Essential revisions:

The authors should consider and comment on the following questions and criticisms from the three referees when revising their manuscript.

1. Many abbreviations are used in this manuscript. The authors should provide a list of abbreviations at the beginning of the manuscript. Also, the authors should provide a definition/description of Warburg metabolism up-front in the Introduction rather than in the Discussion. These are editorial changes.

A list of abbreviation has been provided at the beginning of the manuscript, as follow

ART Assisted reproductive technologies

ATP Adenosine triphosphate

CMF2HC 4-chloromethyl- 6,8- difluoro-7-hydroxycoumarin

COCs Cumulus-oocyte complexes

DCF Dichlorodihydrofluorescein

DNPH 2,4-Dinitrophenylhydrazine

ECAR Extracellular acidification rate

FB Flushed blastocyst

FCCP Carbonyl cyanide-4-trifluoromethoxyphenylhydrazone

GSH Glutathione

hCG Human chorionic gonadotropin

HTF Human tubal fluid

H2DCFDA 2′,7′-dichlorodihydro-fluorescein diacetate

IVC in vitro cultivation

IVF in vitro fertilization

KSOM Potassium simplex optimization medium

LDHA Lactate dehydrogenase A

LDHB Lactate dehydrogenase B

MCT1 Monocarboxylate transporter 1

MPA Metaphosphoric acid

NAD Nicotinamide adenine dinucleotide

OCR Oxygen consumption rate

PBS Phosphate buffer saline

PER Proton efflux rate

PGF2 Prostaglandin F2

PMSG Pregnant mare serum gonadotrophin

PPP Pentose phosphate pathway

PVA Poly vinyl alcohol

ROS Reactive oxygen species

TCA Tricarboxylic cycle

2-DG 2-deoxy-D-glucose

8-OHdG 8-Hydroxyguanosine

Further, the definition of Warburg metabolism is currently provided in the Introduction (and removed from the discussion) as follows:

Line 89-96: “Preimplantation embryo metabolism is unique and different from somatic cells. The Krebs cycle is the main source of energy throughout the preimplantation period. Glycolysis is slowly utilized during the first 1-2 days of development but both an increase in glycolysis and oxygen consumption (via mitochondria) is notable at the blastocyst stage (Leese, 2012). Importantly, preimplantation embryos show an accentuation of the Warburg metabolism (Warburg, 1956), i.e. higher production of ATP through glycolysis and increased conversion of pyruvate into lactate, even in the presence of oxygen (Redel 2011).”

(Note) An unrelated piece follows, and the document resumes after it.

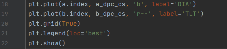 그래프 중 하나는 파란색('b') 선으로 표시하고, 다른 하나는 빨간색 점선('r--')으로 표시합니다.

2. The authors provide measurements and statistics in the Text, Figures, and Legends. To improve the clarity of the Results section (currently awkward to read) it may be best to remove the measurements and statistics since these are in the Figures and Legends and are redundant in the Results. These are editorial changes.

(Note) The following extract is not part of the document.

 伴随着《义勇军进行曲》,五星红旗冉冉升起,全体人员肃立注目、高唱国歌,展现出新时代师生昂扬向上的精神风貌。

Done: we have removed the measurements and statistics in the Results section to improve clarity.

3. All of the measurements compare natural and IVF blastocysts, and do not look at earlier stage embryos to examine when the metabolic changes begin to occur. For example, it would be useful to look at the developmental timeline (2-cell to blastocyst) for the accumulation of ROS.

Thank you for this valuable insight. We decided to focus on the blastocyst stage, since this is the most common stage at which human embryos are transferred and therefore the blastocyst metabolic “state” is clinically relevant. We believe that a cumulative increase in metabolic and oxidative stress is very likely with longer embryo culture and therefore mapping the metabolic state through preimplantation embryos would provide valuable information. We have added this insight in the discussion

Line 326-329: “In this work we have focused on studying the blastocyst stage, since this is the stage at which human embryos are most commonly transferred. Future studies should examine how metabolic differences, ROS and oxidative damage occur during earlier stages of embryo development, both in mice and possibly human embryos.”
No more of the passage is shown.